The download section accommodates the contextual databases, individual genome and metagenome related sequences, and BLAST databases. Contextual information for all entries/samples exists as TSV and XML files which are available for the current and prior release versions. In MarRef and MarDB sequences of individual genomes are grouped according to their names and contained in separate folders where assembly, nucleotide and protein data are accessible as FASTA files. A general feature format file is also provided for each genome. The full collection of contigs/scaffolds, nucleotide and protein sequences for the BLAST databases are accessible in the same directory tree and may also be downloaded freely. For samples in the MarCat database, all predicted 16 S sequences and assembled contigs in FASTA format can be downloaded. In addition, an output file from META-pipe containing all annotated contigs in the sample is also provided together with the individual predicted genes and protein sequences in FASTA format.

ONGOING DEVELOPMENTS

The ongoing activities can be classified into three broad categories: (i) acquisition of data, (ii) ontologies and CV and (iii) linked data and interoperability

Acquisition of sequence and contextual data

The collection of data from publicly available resources will continue. However, due to increasing amount of genomic and metagenomic sequence- and metadata, development of automatic and semi-automatic import tools that generate metadata for the curation database will be improved in order to build more efficient import pipelines. In this first version of the MarRef and MarDB databases, only prokaryote genomes have been included. In the future, we aim to include virus, eukaryote microbial genomes and transcriptome data. In addition, we aim to include metatranscriptomics data to enhance the quality of the MarCat.

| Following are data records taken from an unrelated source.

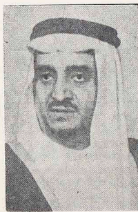
KROL KHALED — władca Arabii Saudyjskiej, rządzi krajem mądrze i roztropnie. Trudno jednak przewidzieć, jak długo potrwą jego panowanie.

Z powyżej wymienionych władców najbogatszym jest szach Iranu. Po jego stracie, który sumy złożone w bankach zachodnich ocenia się na 20 miliardów dolarów, nie mówiąc o ogromnym majątku skonfiskowanym przez nowy rząd w tym kraju. Tini były król Grecji, który nie należał do jednej z najstarszych monarchii w świecie.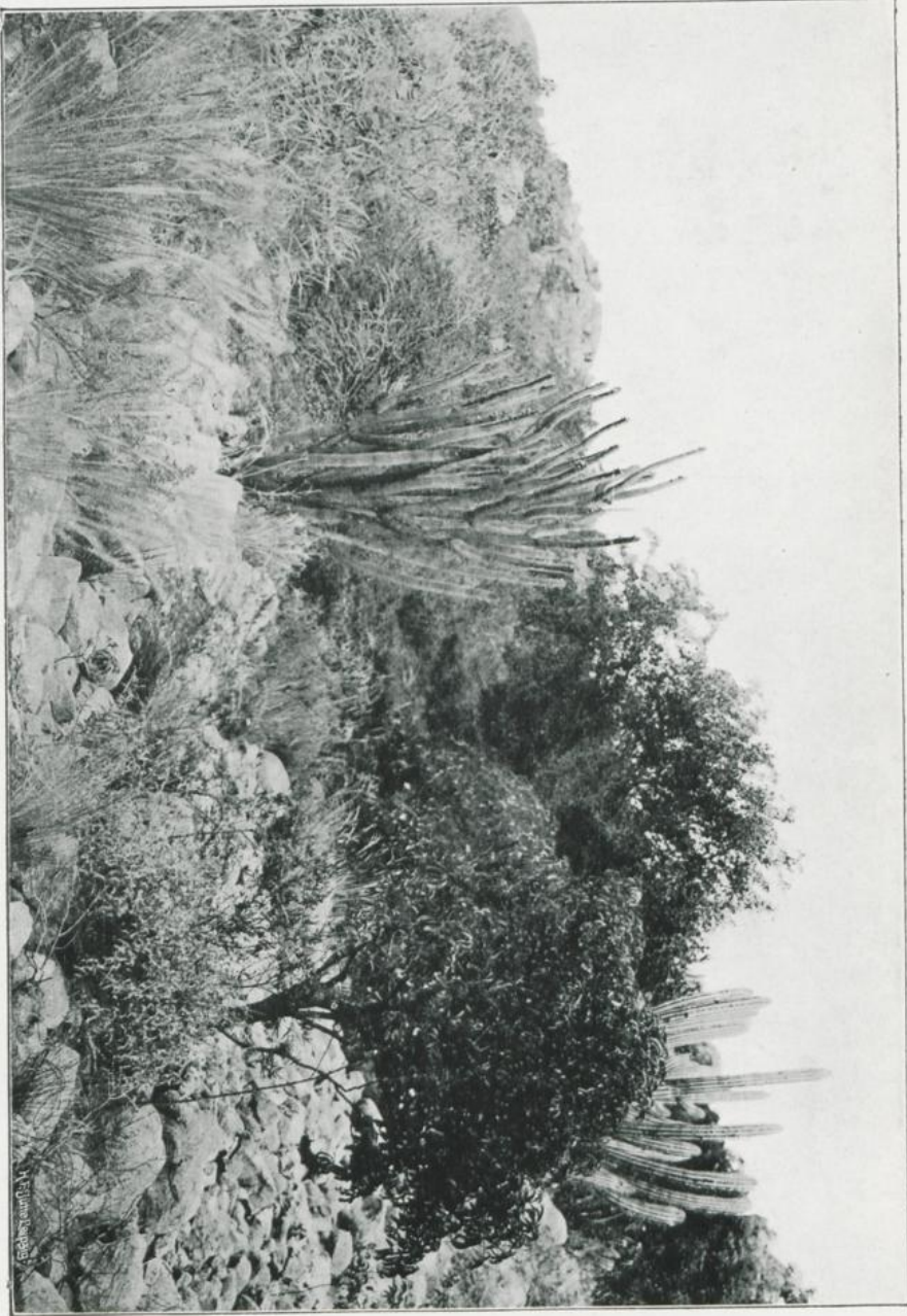
Manihot heptaphylla Ule, Cephalocereus Ulei Gürke, Trachypogon montifari (Kth.) Nees und Turnera stenophylla Urb. in der Serra do São Ignacio. Februar 1907.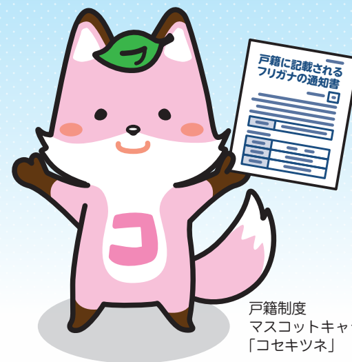
戸籍制度 マスコットキャラクター 「コセキツネ」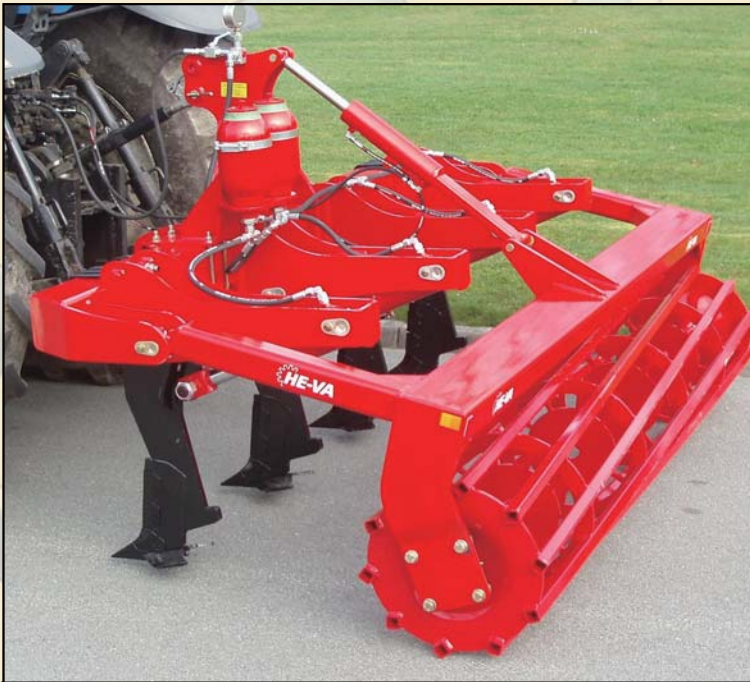
3米4齿液压自适应过载保护系统，方形管镇压辊，液压调节作业深度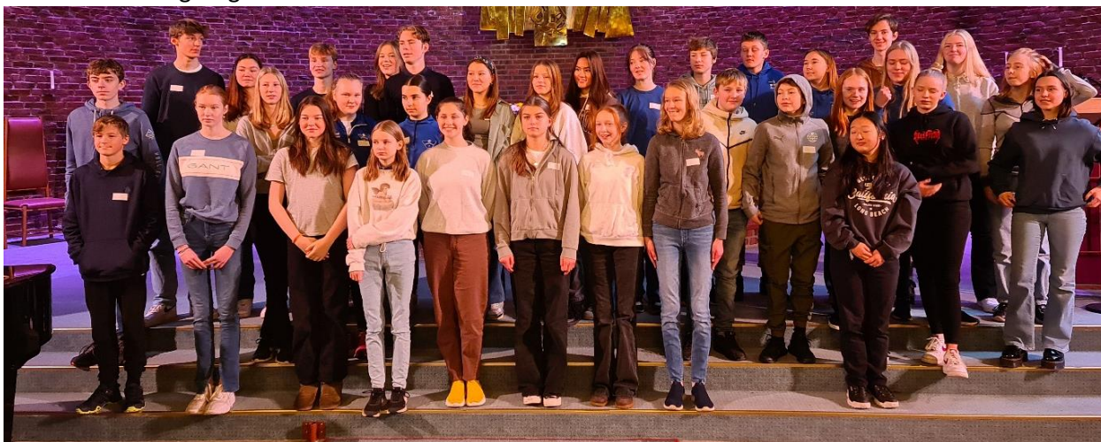
Nytt konfirmantkull presenteres i en av høstens åpne gudstjenester

På bakgrunn av statistikken for 2021 og av direkte tilbakemeldinger fra våre medlemmer, kan vi i hvert fall til en viss grad hevde at vi har lyktes med å skape alternative møteplasser i en tid hvor kirken har vært svært strengt regulert av smittevernsbestemmelser.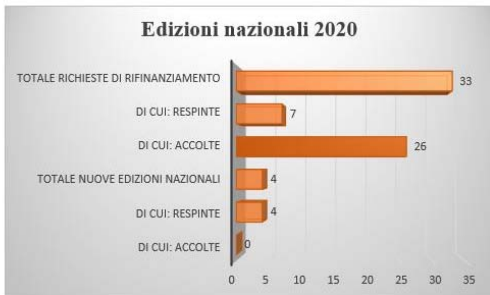
Fig.4. Edizioni nazionali 2020: rifinanziamenti e nuove richieste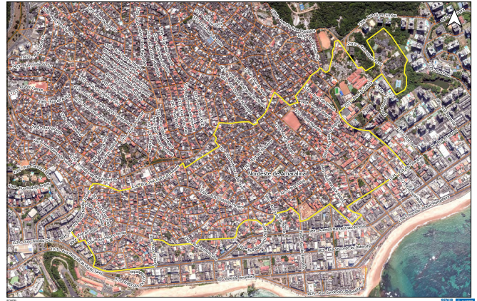
Litorâneo Barrio - Nordeste de Amaral

Fonte: Ortofoto: 2016, 2017 Linha Vermelha: 2/2017 Projeção: UTM - 50QDQ2000_24S Escala: 1:1.000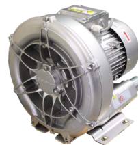
Kühlgebläse TB 0140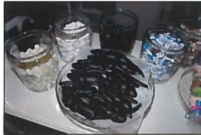
Zwarte 'muizetjes' en zachte 'nunnebillen'.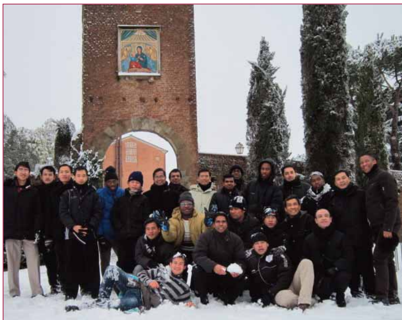
Sulla neve al Divino Amore

è solo un'allegoria; allegoricamente anche la nostra vita sarebbe una liturgia, ma, al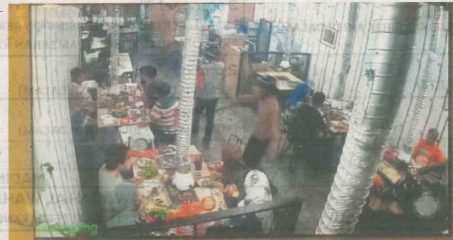
KELIHATAN dua perompak yang memasuki restoran di Ampang Jaya dan merampas beg tangan pelanggan.

Berdasarkan CCTV berdurasi satu minit empat saat, sebelum kejadian rompakan, dilihat pelanggan leka dengan sajian masing-masing dengan dua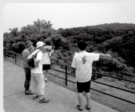
北沢浮遊選鉱場でのガイドの様子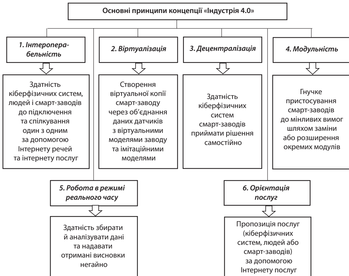
Рис. 1. Основні принципи концепції «Індустрія 4.0»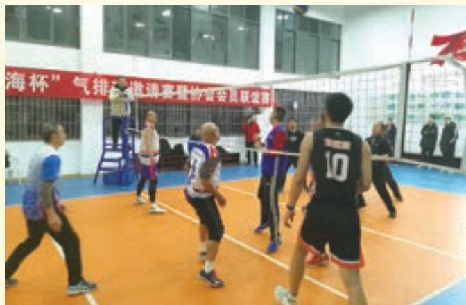
2月11日至16日罗源县举办2022年“博海杯”气排球邀请赛。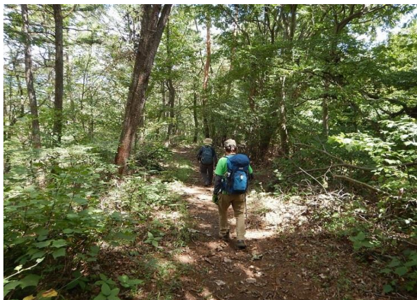
帰りの道も誰もいない広い雑木姉林を抜けて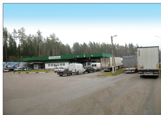
1–2. Обустройство границы 3–4. Пограничный контроль 5–6. Международный автодорожный пункт пропуска Урбаны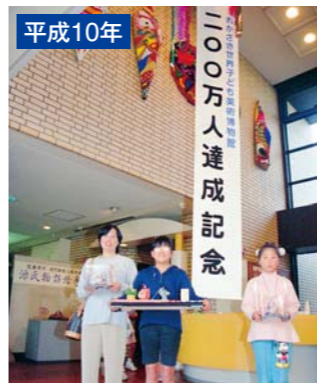
平成10年 11月 来館者数200万人達成 (平成25年8月には400万人を達成)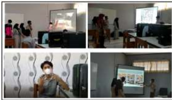
Gambar 4. Presentasi Proyek

sehingga menghasilkan karya final dari proyek ini. Pada gambar 4 berikut ini adalah situasi ketika kegiatan presentasi berlangsung.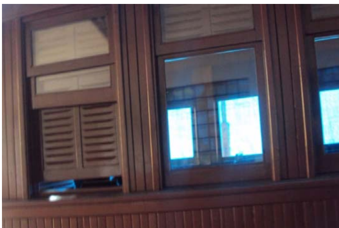
Tela 7 – Foto da janela do vagão – externa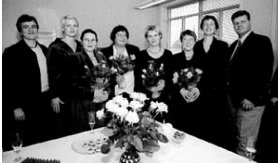
(Mynd: Við útskrift fyrstu táknmálstúlkarnir ásamt kennurum)

Samskiptamiðstöð heyrnarlausra og heyrnarskertra hefur margsannað gildi sitt á þeim tíu árum sem hún hefur verið starfandi. Þar er túlkþjónusta sem heyrnarlausir sem heyrandi geta leitað til, táknmálsskennsla fyrir fjölskyldur heyrnarlausra barna, haldin eru regluleg táknmálsnámskeið fyrir alla þá sem hafa áhuga á því að læra táknmál, unnar eru rannsóknir á táknmáli og þróuð kennsluforrit og námsefni fyrir heyrnarlausra. Á Samskiptamiðstöð er einnig ráðgjafarþjónusta fyrir fjölskyldur heyrnarlausra og heyrnarskerta, svo og alla aðra um samskipti við heyrnarlausra og hefur stöðin unnið að margvíslegum baráttumálum er tengjast heyrnarlausum, bæði út af fyrir sig og í samvinnu við Félag heyrnarlausra.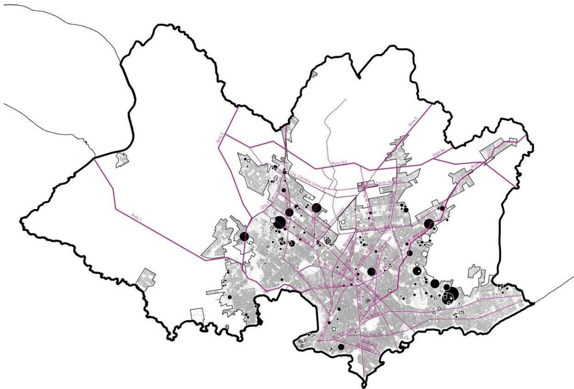
Figura 2: Mapa de cooperativas por ayuda mutua afiliadas a FUCVAM, agrupadas por escala en Montevideo.

Elaboración: equipo de trabajo ITU/EFI Coop.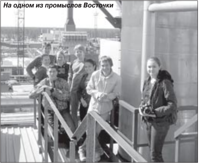
На одном из промыслов Восточки

ния к нам предъявлялись серьезные. Подготовка к семинарам и практическим занятиям занимала почти все свободное время. Приходилось нелегко, чтобы сдать сессию без троек, необходимо было прикладывать большие усилия. Завидовала тем, кто не учится в вузе, но понимала, надо обязательно получить образование, это - путевка в жизнь.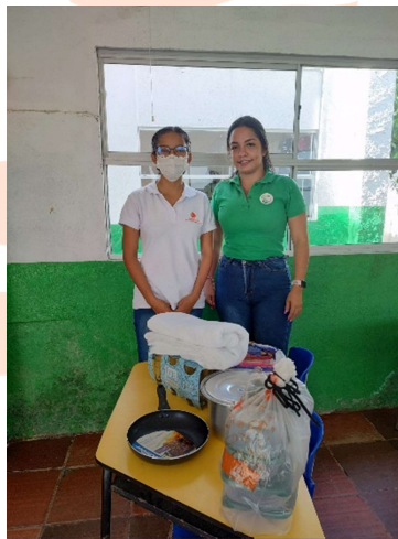
Pie de foto: Donación de 6 premios a la Institución Educativa Puerto Rey para bingo familiar.

Ontologies and controlled vocabularies

To enhance the curation efficiency and to provide a better reliability of the datasets, the number of metadata fields will be increased with ontologies and CV. This effort will not only streamline the manual curation, but also provide data robustness and easier aggregation and analysis. For MarCat we intend to include metadata fields for the provenance of analysis according to the recommendation by Hoopen et al. (24), which includes metagenomics analysis metadata such as filtering, assembly, taxonomy, gene prediction and functional assignment.

Linked data and interoperability

In order to expose and share the curated data, we are currently working together with EMBL-EBI to link the MAR database records to the BioSample and INSDC databases. To improve data interoperability, we intend to implement schema.org markup, so that MMP websites and services contain more structured information. This structured information will make it easier for the end user to discover, collate and analyze our data. We also aim to improve better systems for downloading single records or multiple records selected by searching or filtering of the datasets.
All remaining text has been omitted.